Develop a policy with regard to the consideration of any director candidates recommended by stockholders, including any minimum requirements.
5.
Conduct all inquiries into the backgrounds and qualifications of possible candidates as the Committee determines to be necessary and appropriate.
6.
Consider questions of independence of members of the Board.
7.
Oversee orientation process for new Board members.
8.
Consider and recommend to the full Board the appropriate Board size and composition.

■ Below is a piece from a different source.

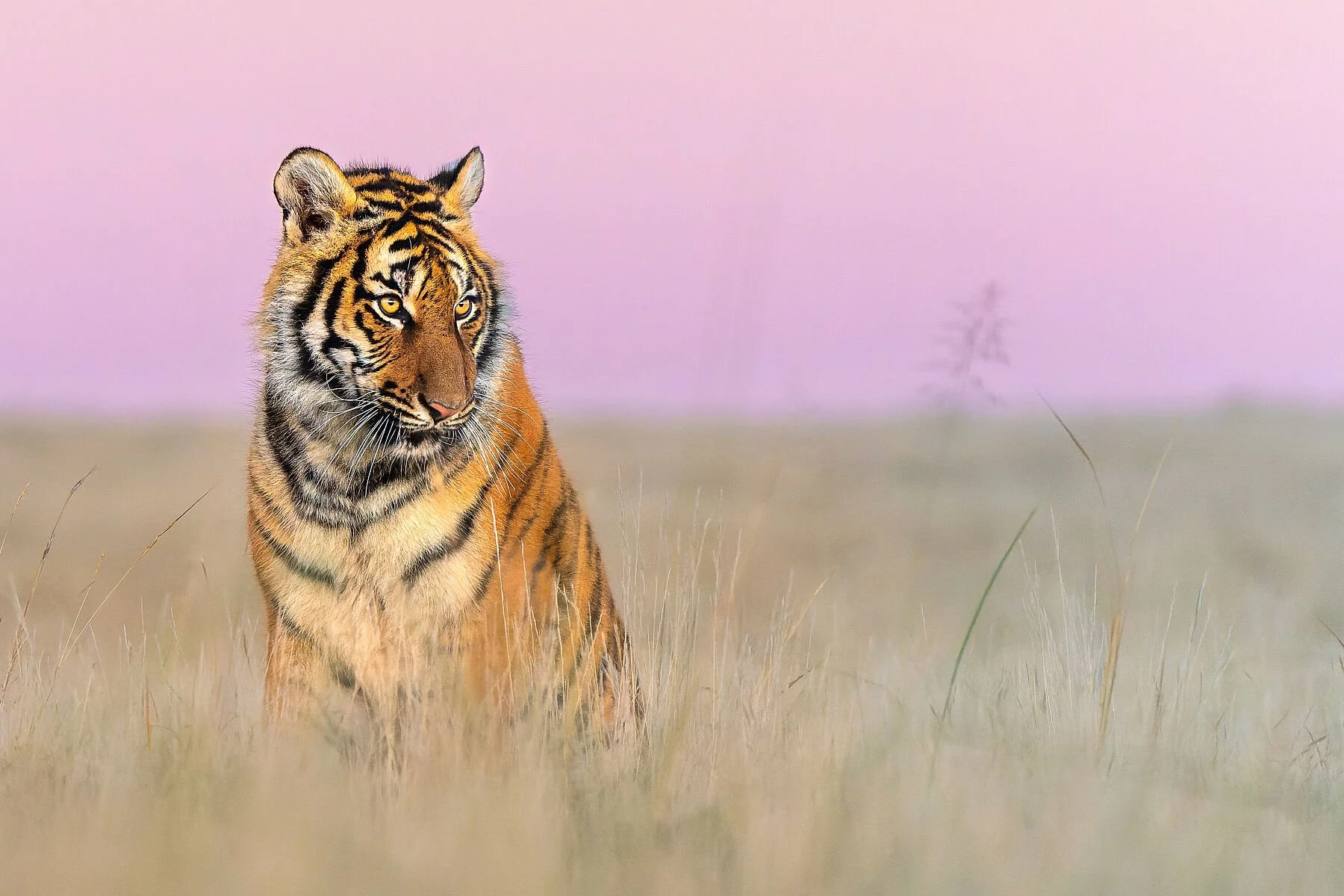 Tigress in the early morning light just before sunrise when the sky turns into a beautiful pastel colour

Committee Selection and Composition
9.
Recommend to the full Board (i) members of the Board to serve on Board committees and (ii) changes to committee membership. In making recommendations, consider the criteria for committee service as set forth in the applicable committee charter and other factors the Committee deems relevant.
10.
Recommend to the full Board members of the Board to serve as Chairpersons of the Board committees.
Corporate Governance
11.
Review and recommend to the Board any changes in the Corporation’s corporate governance guidelines and monitor developments with regard to corporate governance to enable the Committee to make recommendations to the Board on matters of corporate governance and on any action to be taken in light of such developments.
12.
Periodically review the charter and composition of each committee of the Board and make recommendations to the Board for the adoption of or revisions to the committee charters, the creation of additional committees or the elimination of Board committees.
13.
Consider and recommend to the Board policies and procedures related to meetings of the Board, such as may relate to agendas, preparation and delivery of meeting materials, meeting schedules and locations.
14.
In the event that a director’s circumstances change in a manner that results in a significant negative impact to his or her qualifications as they existed at the time of election, then upon the director’s tender of his or her resignation to the chief executive officer (“CEO”) and the Chairperson of Committee, evaluate the circumstances and recommend to the Board what action, if any, should be taken.
15.
Upon the receipt of notice to the Chairperson of the Committee from a director that the director intends to accept an invitation to serve on the board of another publicly-held corporation, evaluate the appropriateness of continued Board membership under the new circumstances and make a recommendation to the Board as to action to be taken with respect to continued Board membership.
16.
Review compensation related proposals, whether required or otherwise, made for consideration at a stockholders’ meeting and make recommendations to the Board as appropriate. If a compensation-related proposal is made by a stockholder, such review will only be conducted if such proposal was made in accordance with the Corporation’s certificate of incorporation and bylaws and applicable law.
Reports
17.
Report to the Board at the Board’s next regularly scheduled meeting, or as soon thereafter as reasonably practicable following meetings of the Committee, and recommend action by the Board as appropriate. The report to the Board may be an oral report by the Chairperson or any other Committee member.
18.
Maintain minutes or other records of meetings and activities of the Committee as appropriate under Delaware law.

 
V.
Annual Performance Evaluation
The Committee shall conduct and present to the Board an annual performance evaluation of the Committee. The Committee shall review at least annually the adequacy of this Charter and recommend any proposed changes to the Board for approval. The Committee shall develop and oversee an annual self-evaluation process for the full Board and for the Audit Committee and the Compensation Committee. The Committee shall administer the self-evaluation process for the full Board and deliver to the Board a summary of the results of the Board’s self-evaluation, assessing the Board’s compliance with the Corporation’s corporate governance guidelines and identifying areas in which the Board could improve its operations.


Approved by the TriMas Board of Directors effective November 5, 2015.